• [PROMPT]
For the records below, please print exactly and only the lines from the one with "芝生と反対側に王宮の建物があって、衛兵さんがゆっくり歩いている。" down to the one with "Насос ножной с", both ends included, omitting the pictures.

═══ PROVIDED ENTRIES

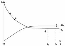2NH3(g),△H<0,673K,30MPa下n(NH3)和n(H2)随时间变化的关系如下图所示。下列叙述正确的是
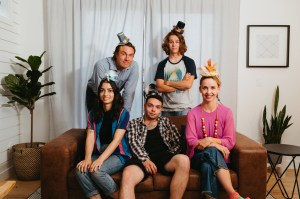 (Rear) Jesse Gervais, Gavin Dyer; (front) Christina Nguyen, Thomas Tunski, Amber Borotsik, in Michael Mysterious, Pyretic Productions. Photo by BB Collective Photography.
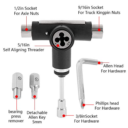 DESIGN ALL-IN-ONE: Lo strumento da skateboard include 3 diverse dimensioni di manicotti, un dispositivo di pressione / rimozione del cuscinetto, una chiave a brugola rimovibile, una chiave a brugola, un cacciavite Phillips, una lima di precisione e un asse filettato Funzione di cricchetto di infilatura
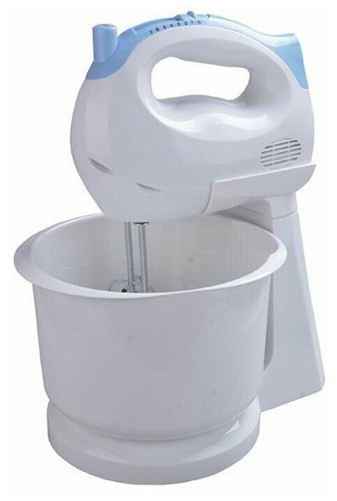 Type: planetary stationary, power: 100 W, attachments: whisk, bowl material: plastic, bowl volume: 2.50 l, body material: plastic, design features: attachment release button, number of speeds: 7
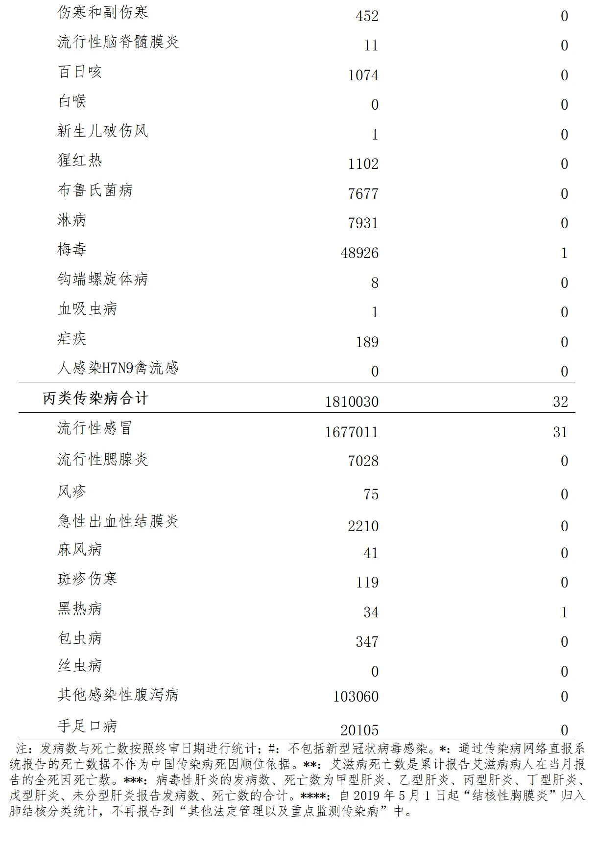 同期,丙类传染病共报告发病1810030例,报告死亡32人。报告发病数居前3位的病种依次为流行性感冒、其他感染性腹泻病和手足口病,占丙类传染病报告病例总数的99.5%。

══════
═══ PROVIDED ENTRIES

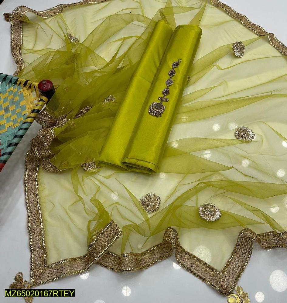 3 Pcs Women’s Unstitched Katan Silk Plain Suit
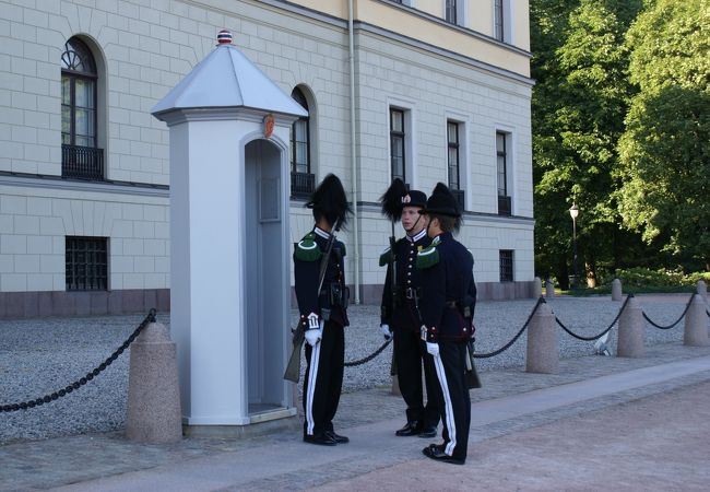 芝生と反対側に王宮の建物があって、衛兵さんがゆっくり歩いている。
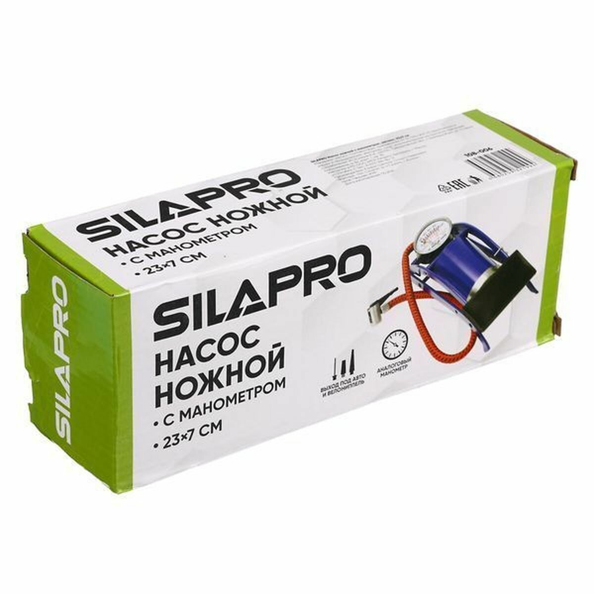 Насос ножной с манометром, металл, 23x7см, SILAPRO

══════

• [TASK SOLUTION]
 芝生と反対側に王宮の建物があって、衛兵さんがゆっくり歩いている。
 Насос ножной с манометром, металл, 23x7см, SILAPRO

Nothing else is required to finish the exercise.